Times 26036

Posted on Categories Daily Cryptic
Once again I very nearly hit my 30-minute target but failed on this occasion by 7 minutes because of a hold-up in the NE corner where I became fixated on an incorrect first word at 8dn which also prevented me solving the very easy 6ac. I enjoyed seeing a different Oxford detective for once – perhaps DCS Strange will turn up one day? We have answers that fit together at 14dn and 6dn though they are not linked in the clues and I can’t see that they are part of a wider theme. I’m planning to put a comment in the Quickie blog when it appears, recommending that newbie solvers should have a go at this one as I think most of it is very straightforward.

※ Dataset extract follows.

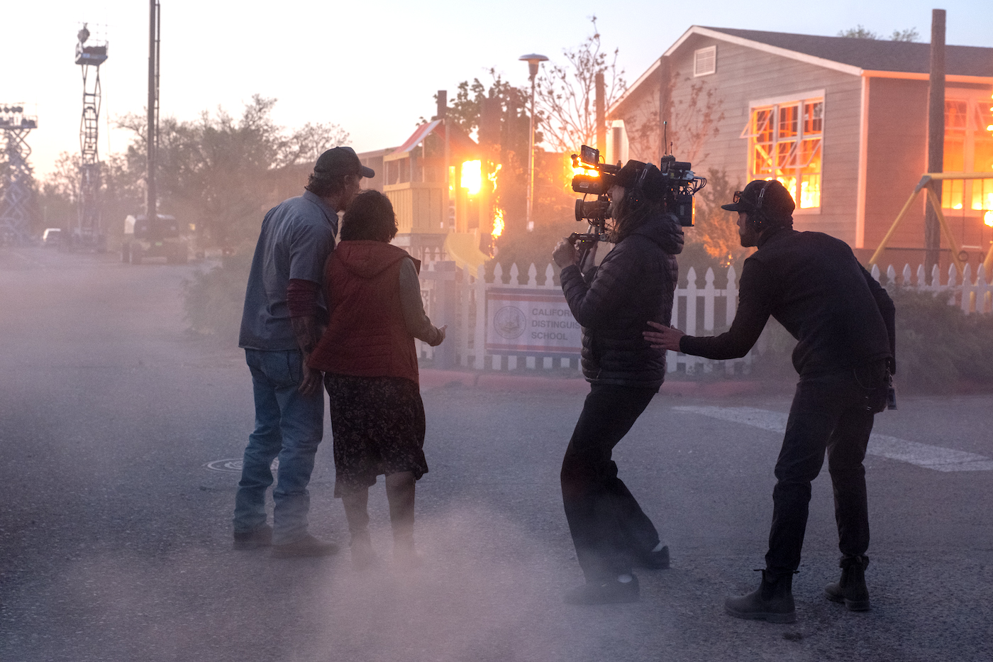 Greengrass devised a notion for a “fire POV” that became a recurring (and very effective) element in the film, portraying the fire as a voracious monster sweeping through the land. “It was a very cinematic tool to create tension,” says Rokseth, “so we used drone shots, and then Charlie did VFX work on them.” An aerial shoot over the real town of Paradise facilitated this effort. The fire POV was first previsualized. “We’d start with a virtual camera,” Noble explains, then use a real camera to give it some weight, and combine those two. The human camera had the bendy twisty stuff, and that was then fed into the CG camera, like it was an ember blowing and twisting.” The second unit also used drones close to the ground to follow the fire.

{deletions} [indicators] defintions where given are underlined

Across

1 CONGRESS – CON (study), {e}GRESS (way to make exit)
6 FRIGHT – F (fine), RIGHT (just). This should have been a write-in but I lost my way over a couple of clues in this quarter.
9 ENTERTAINMENT – Anagram [somehow] of INTERNET MEANT
10 ENTREE – EN (space – in printing, half an em), TREE (plane?). Perhaps more usually seen on menus, this can also mean the right to enter somewhere or something and therefore “access“.
11 DAY LEWIS – DAY (time), LEWIS (Oxford detective – Morse’s sergeant, later promoted and given his own series on TV). In addition to his main career as a poet, Cecil Day Lewis also wrote a series of detective stories under the pseudonym Nicholas Blake, so “poetical crime-writer” is the definition. [On edit: see comments below re the omission of the hyphen]
13 DANCE FLOOR – Cryptic definition
15 SHED – SH{r}ED (little, as in ‘shred of evidence’)
16 ASTI – A (area) anagram [given a makeover] of IT’S
18 ON THE ALERT – ON (working), HEALER (doctor possibly) inside TT (dry – tee-total)
21 LONG SLIP – Anagram [upset] of POLLING’S. I assume this is a fielding position in cricket that’s out of favour now, to account for “once” in the clue.
22 DOTAGE – TAG (label) inside DOE (female – of several species including Julie Andrews’ deer).
23 STEP OUT OF LINE – Double definition, the second cryptic alluding to the possibility of tripping on a flight of steps if one of them is out of alignment.
25 BRIDLE – L (line) inside BRIDE (marriage participant)
26 RUDENESS – DEN (study) inside RUES (regrets), S (society). The wording is perhaps a little unfortunate in view of what’s at 20dn. [On edit at 07:18 I’ve just noticed that a similar thing has occurred in the two preceeding clues where part of the answer of one clue (line) is mentioned in the wording of the other. What with these examples, ‘possibly’ as the anagrind in consecutive clues (see below) and the not strictly inaccurate but somewhat odd omission of the Day-Lewis hyphen, I wonder if a little more attention might have been paid to some finer details, either by the setter or the editor or both].

Down

2 OCEANIA – A, IN, A, ECO (green) all reversed [uprising]. Australasia and thereabouts.
3 GET CRACKING – GET (see, as in ‘I get it’), CRACKING (excellent)
4 EERIE – {b}EER (ale without head), IE (that is)
5 SO-AND-SO – SO-SO (mediocre) consists of SO and SO
6 FANCY-FREE – Double definition. If one is hard-nosed one is realistic and not given to flights of fancy. Often used after 14dn in a well-known phrase.
7 ICE – Hidden
8 HOT-WIRE – Anagram [possibly] of TWO inside HIRE (rental). Definition: try to start, e.g. a motor car. My last one in, convinced for ages that the first word would be “let”.
12 EAST LOTHIAN – {Prest}O{npans} inside anagram [possibly – again and in consecutive clues!] of IN THE ATLAS
14 FOOTLOOSE – FOOT (pay for), LOOS (toilets), {promenad}E
17 SPONSOR – S (son), NS (bridge team) inside POOR (without much success)
19 TIPSTER – TIPS (goes over), T (time), ER{e} (before, cut short)
20 REGRETS – RE (about), GRE{e}TS (half-hearted welcomes)
22 DYFED – F{ans} inside DYED (sporting colours, hm)
24 END – {p}E{r}N{o}D. ‘Swallowing” indicates removal of letters from “Pernod” and “odd bits” tells us which ones

45 comments on “Times 26036”

  1. … after a bit of a break. Did yesterday’s and found it quite easy — the blogger didn’t. Found today’s much harder — again the blogger didn’t. Be interesting to analyse how these things happen. If only the positivist Hippolyte Taine were right and matters of taste could be subject to scientific scrutiny!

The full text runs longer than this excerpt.